Quello schifo di padre che mi aveva generato, quel mostro, mi aveva rimesso nel suo giro.
Da quando l'avevo incontrato, due mesi prima, mi aveva acquisito come "cameriera" nel suo bordello e come "giocattolo" per i suoi clienti affezionati che a fine turno mi attendevano nelle loro camere.
Avevo provato a ribellarmi e, come al solito, avevo ricevuto una punizione: i tagli sulla schiena erano ancora visibili e i lividi sulle cosce mi dolevano a ogni passo.
Durante il turno mi obbligava a indossare una misera gonnellina leopardata e un semplice reggiseno e, quando passavo tra i tavoli per servire i suoi amici, il mio culo riceveva pacche da mani sudice e il mio seno subiva palpate per tocchi di uomini schifosi.
A Capodanno aveva pure organizzato un'orgia con tutta la sua combriccola e sarebbe inutile dire che per un paio di giorni faticai ad alzarmi dal letto.
Il mio corpo era diventato solo frutto per realizzare gli effimeri desideri altrui e le mie gambe non conoscevano tregua.
Avevo provato a scappare, sì, avevo provato.
Ma mio padre non era stupido e mi colse in flagrante.
Mi giustificai con il dirgli che temevo di essere incinta e volevo accertarmene e, in cambio, abusò di me proprio sul bancone della sua locanda, dove mi lasciò sfinita e dolorante a causa sua.
"Svegliati baby, stasera ci sarà il pienone.
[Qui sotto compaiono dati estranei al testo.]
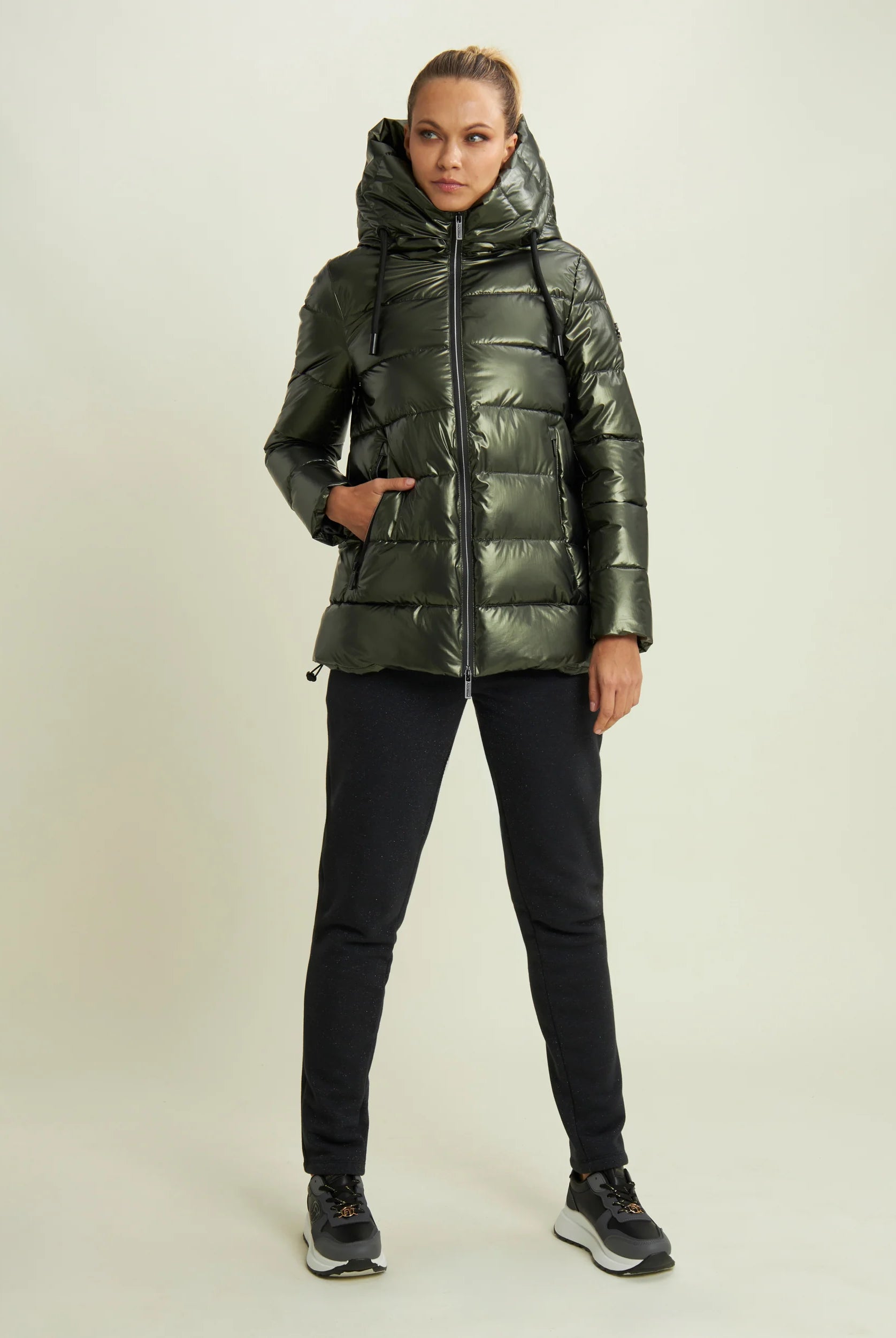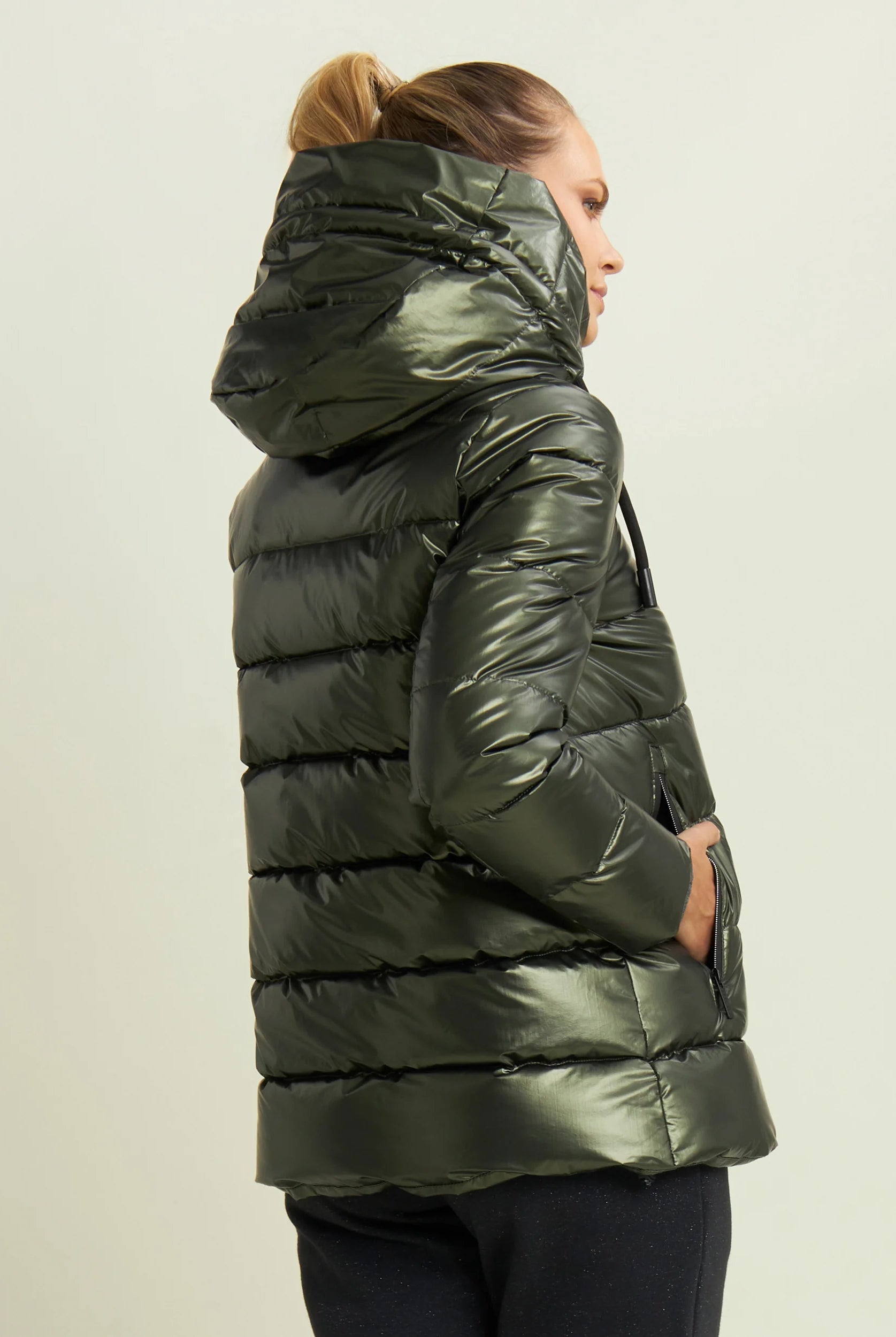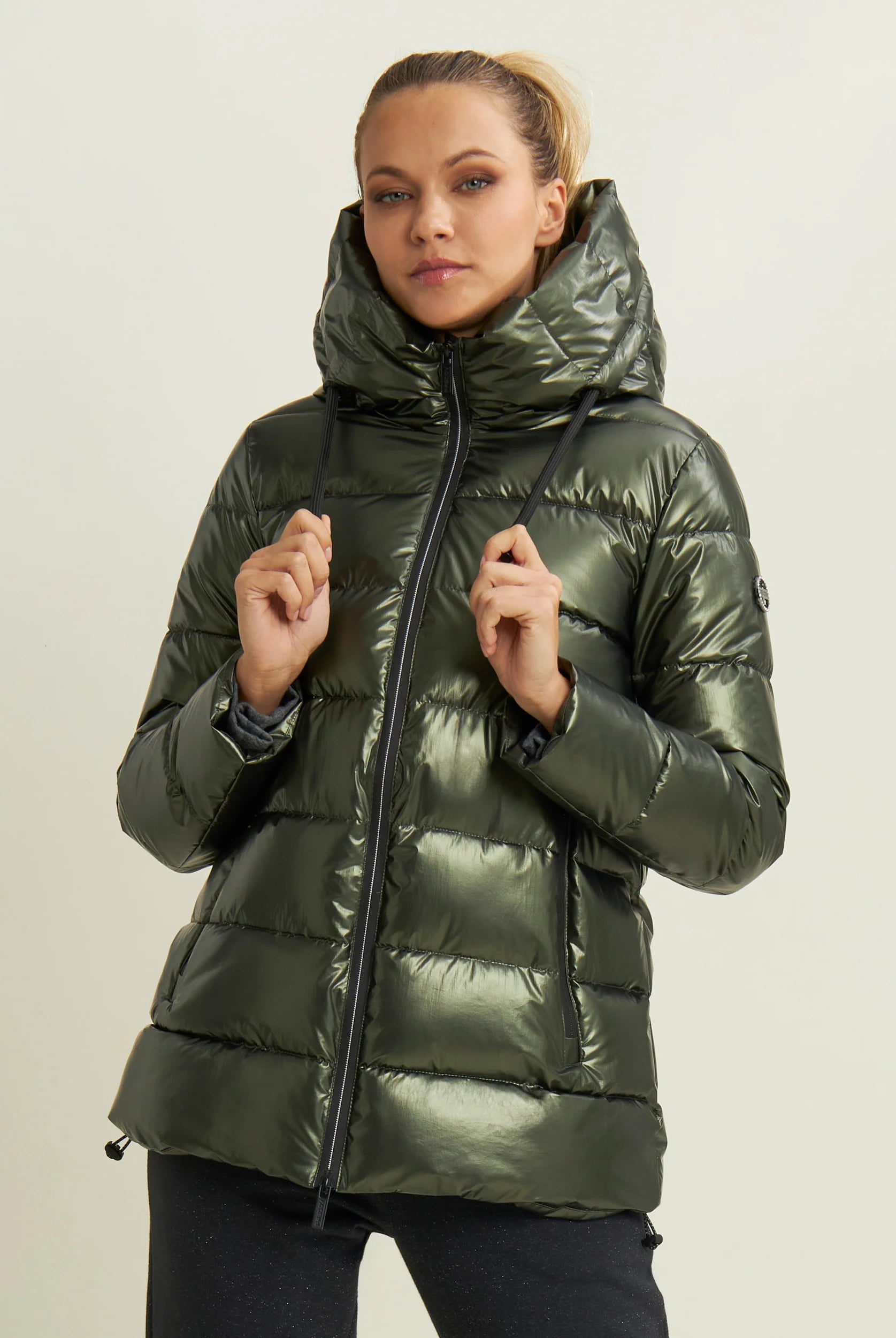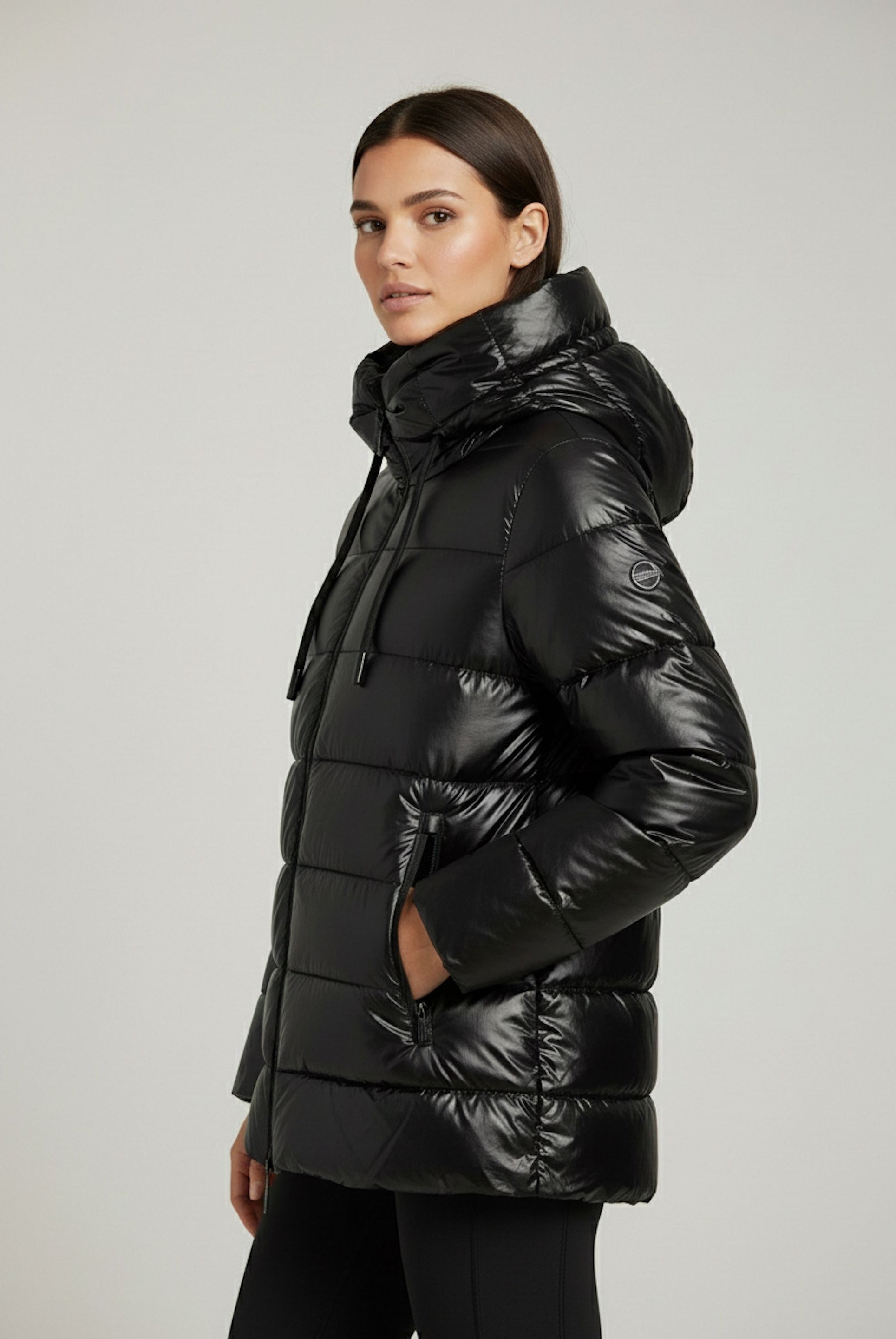 Women's glossy down jacket with protective hood and drawstring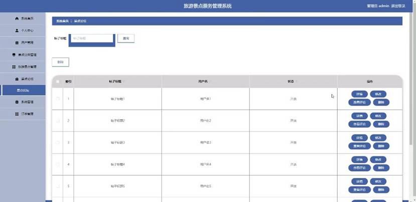 管理员点击景点论坛。进入景点论坛页面输入贴子标题可以查询或删除景点论坛列表,并对景点论坛详细信息进行查看详情,修改,查看评论或删除操作。如图5-10所示: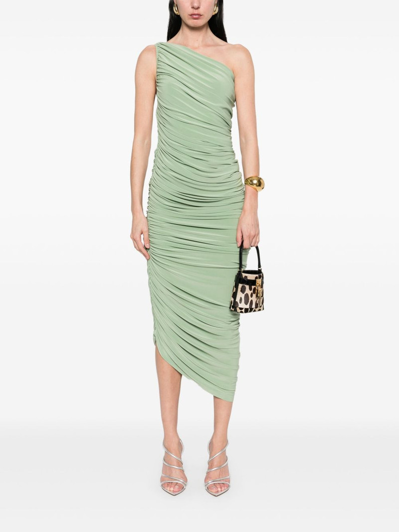 Long Sleeve Shoulder Pad V Neck Side Drape Gown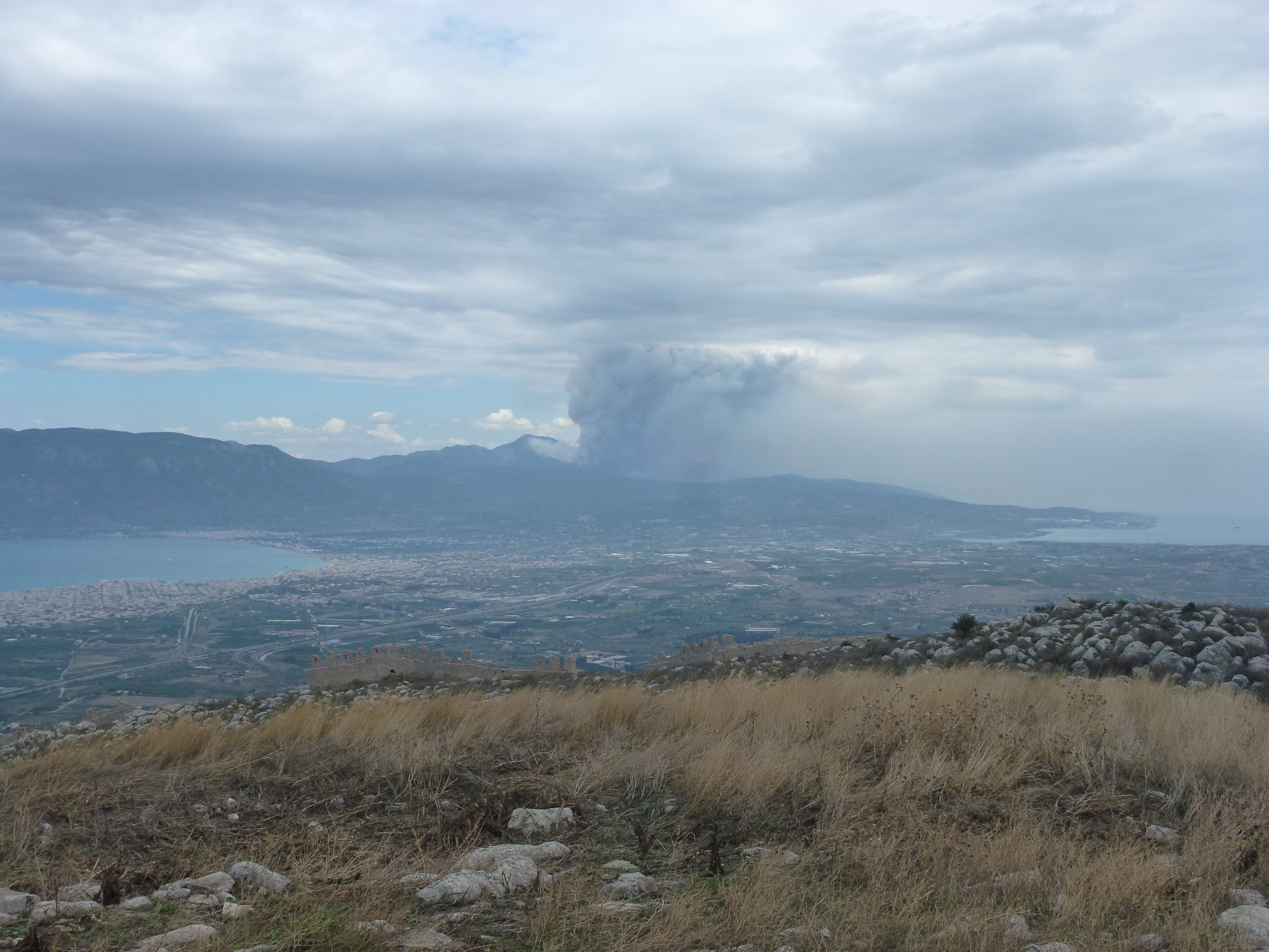Smoke from the fires near Athens viewed from Acrocorinth.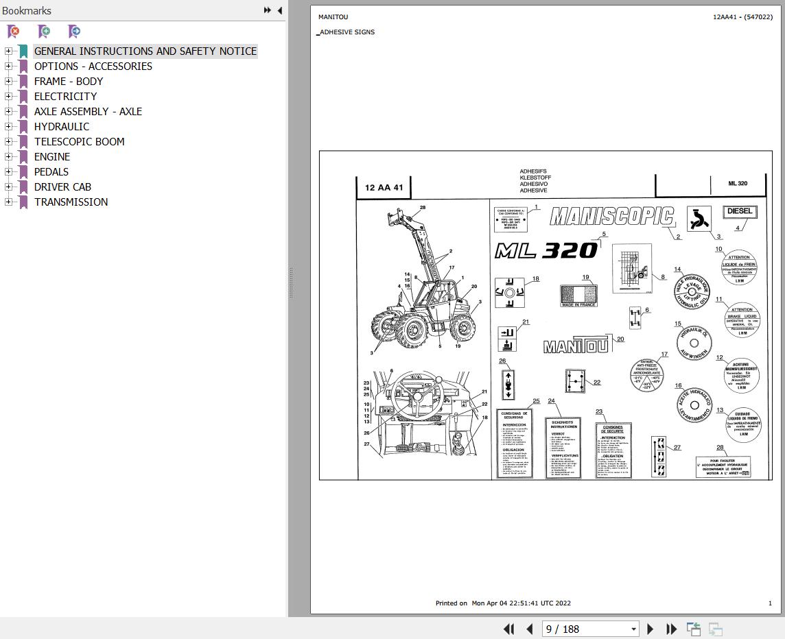 The Bookmarks Of Manitou ML 320 Telescopic Handler Parts Catalog:
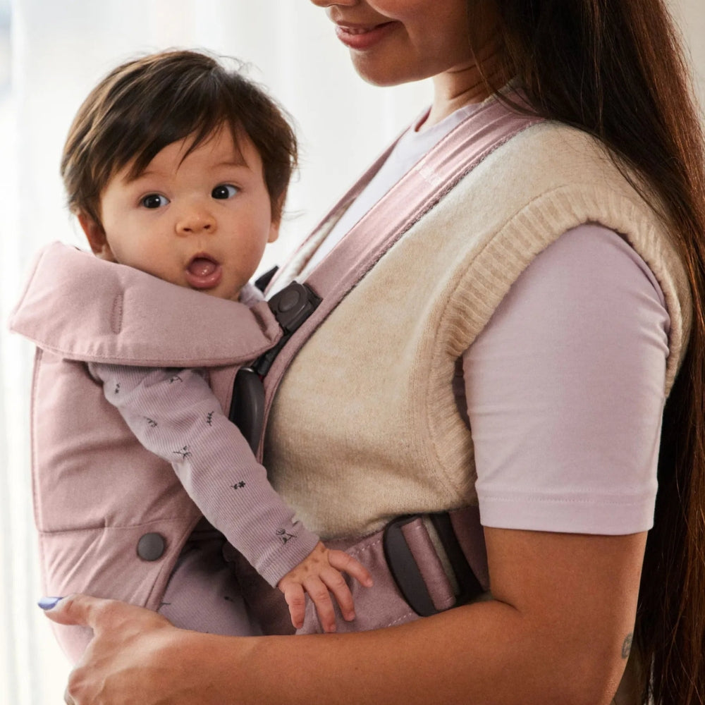 Nosidełko dla niemowlaka MINI Woven w kolorze Dusty pink marki BABYBJORN.

Dovrai lavorare molto, soprattutto nelle camere. Sei pronta, là sotto?" Mio padre mi distolse dai miei pensieri, vagando con la sua mano all'altezza del mio inguine, per poi stringermi possessivamente la coscia.
"Sai, la tua bellezza mi ha sempre lasciato sconcertato...quei capelli mori che incorniciano quel viso che soffre da tanto: sei così eccitante, piccolina. Il tuo corpo è come una torta da mangiare, quelle curve, quel seno, quelle gambe... sei esattamente ciò che ognuno uomo vorrebbe. Sei proprio una bellissima troia!" concluse il suo discorso sghignazzando.
"Mi pento di essere nata solo perché ho la sfortuna di avere il tuo sangue da porco nel mio DNA, pezzo di merda" risposi a denti stretti, ribellandomi al suo tocco.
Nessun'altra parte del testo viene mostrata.